Quote exactly and only this range of lines in the data below: the line that holds "文献[21]提出了一种基于部" to the line that holds "Продаётся 3-комнатная квартира", both included.

> **STUDY MATERIAL**:
◇ ◇ ◇ ◇ ◇ ◇ ◇

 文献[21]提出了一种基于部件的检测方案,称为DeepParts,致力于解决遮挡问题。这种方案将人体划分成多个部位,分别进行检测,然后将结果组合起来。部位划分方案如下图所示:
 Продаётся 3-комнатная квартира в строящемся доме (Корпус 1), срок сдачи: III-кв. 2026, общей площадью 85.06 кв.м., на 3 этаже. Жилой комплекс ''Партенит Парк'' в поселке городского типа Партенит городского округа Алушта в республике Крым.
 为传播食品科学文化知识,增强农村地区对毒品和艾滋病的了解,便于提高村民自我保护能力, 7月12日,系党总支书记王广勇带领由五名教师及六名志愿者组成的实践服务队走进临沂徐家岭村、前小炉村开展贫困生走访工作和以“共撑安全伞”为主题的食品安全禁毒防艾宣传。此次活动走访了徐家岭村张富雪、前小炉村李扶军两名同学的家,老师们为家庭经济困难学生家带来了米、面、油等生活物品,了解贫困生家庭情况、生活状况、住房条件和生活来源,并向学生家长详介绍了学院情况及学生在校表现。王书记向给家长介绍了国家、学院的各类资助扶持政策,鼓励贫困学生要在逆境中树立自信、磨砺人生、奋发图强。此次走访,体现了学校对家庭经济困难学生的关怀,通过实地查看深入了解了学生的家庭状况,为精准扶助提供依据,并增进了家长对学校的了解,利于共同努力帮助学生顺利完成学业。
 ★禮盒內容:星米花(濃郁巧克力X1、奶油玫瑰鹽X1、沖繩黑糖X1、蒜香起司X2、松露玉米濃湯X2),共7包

◇ ◇ ◇ ◇ ◇ ◇ ◇

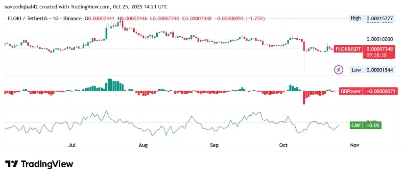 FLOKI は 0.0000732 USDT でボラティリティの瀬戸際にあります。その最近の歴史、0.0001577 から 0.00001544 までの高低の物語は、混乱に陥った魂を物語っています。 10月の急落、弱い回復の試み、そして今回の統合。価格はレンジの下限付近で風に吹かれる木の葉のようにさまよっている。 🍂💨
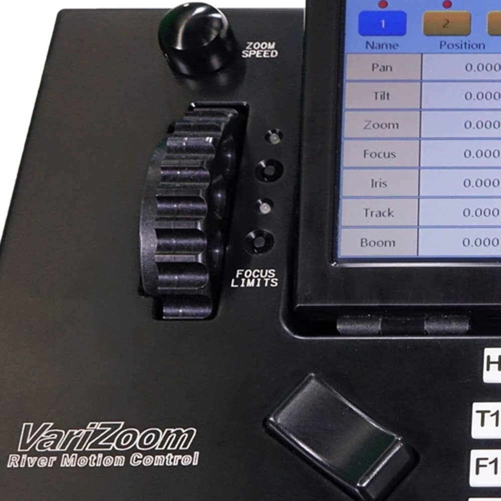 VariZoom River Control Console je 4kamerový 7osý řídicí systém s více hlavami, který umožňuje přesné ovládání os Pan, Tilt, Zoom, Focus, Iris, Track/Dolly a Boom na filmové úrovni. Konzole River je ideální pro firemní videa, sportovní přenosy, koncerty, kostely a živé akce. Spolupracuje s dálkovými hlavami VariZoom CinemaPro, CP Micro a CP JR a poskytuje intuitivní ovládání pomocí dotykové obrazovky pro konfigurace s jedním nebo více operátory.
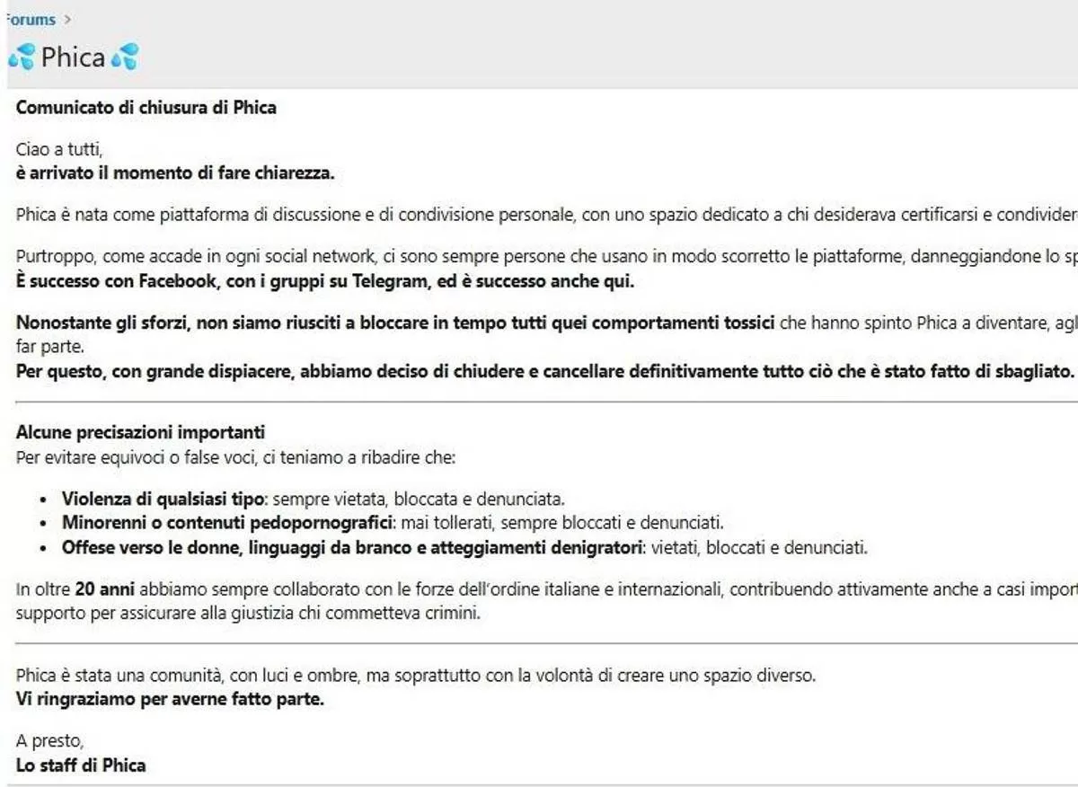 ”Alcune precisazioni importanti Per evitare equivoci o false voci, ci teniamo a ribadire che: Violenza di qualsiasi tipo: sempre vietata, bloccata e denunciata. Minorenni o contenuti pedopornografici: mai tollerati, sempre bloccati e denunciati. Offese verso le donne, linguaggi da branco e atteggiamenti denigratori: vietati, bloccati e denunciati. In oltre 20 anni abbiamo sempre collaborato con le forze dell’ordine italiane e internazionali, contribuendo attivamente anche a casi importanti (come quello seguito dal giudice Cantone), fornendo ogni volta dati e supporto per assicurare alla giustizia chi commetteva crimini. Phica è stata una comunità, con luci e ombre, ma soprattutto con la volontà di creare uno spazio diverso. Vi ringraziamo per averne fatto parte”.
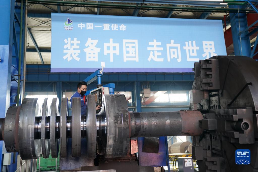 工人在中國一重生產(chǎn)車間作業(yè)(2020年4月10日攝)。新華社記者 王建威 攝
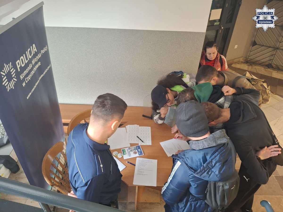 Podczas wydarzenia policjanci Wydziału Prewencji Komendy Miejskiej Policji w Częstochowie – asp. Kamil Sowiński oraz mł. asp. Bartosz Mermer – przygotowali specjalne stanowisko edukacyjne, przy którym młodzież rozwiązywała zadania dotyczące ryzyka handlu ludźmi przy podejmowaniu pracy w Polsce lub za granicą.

◇ ◇ ◇ ◇ ◇ ◇ ◇

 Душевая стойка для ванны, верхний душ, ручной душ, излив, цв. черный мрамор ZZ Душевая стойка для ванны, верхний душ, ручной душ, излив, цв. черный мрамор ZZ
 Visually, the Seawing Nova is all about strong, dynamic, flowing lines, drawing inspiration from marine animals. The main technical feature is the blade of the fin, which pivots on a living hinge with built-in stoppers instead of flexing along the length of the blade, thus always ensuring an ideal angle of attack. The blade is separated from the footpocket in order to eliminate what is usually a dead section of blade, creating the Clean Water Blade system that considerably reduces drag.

◇ ◇ ◇ ◇ ◇ ◇ ◇

> **EXERCISE RESULT**:
 文献[21]提出了一种基于部件的检测方案,称为DeepParts,致力于解决遮挡问题。这种方案将人体划分成多个部位,分别进行检测,然后将结果组合起来。部位划分方案如下图所示:
 Продаётся 3-комнатная квартира в строящемся доме (Корпус 1), срок сдачи: III-кв. 2026, общей площадью 85.06 кв.м., на 3 этаже. Жилой комплекс ''Партенит Парк'' в поселке городского типа Партенит городского округа Алушта в республике Крым.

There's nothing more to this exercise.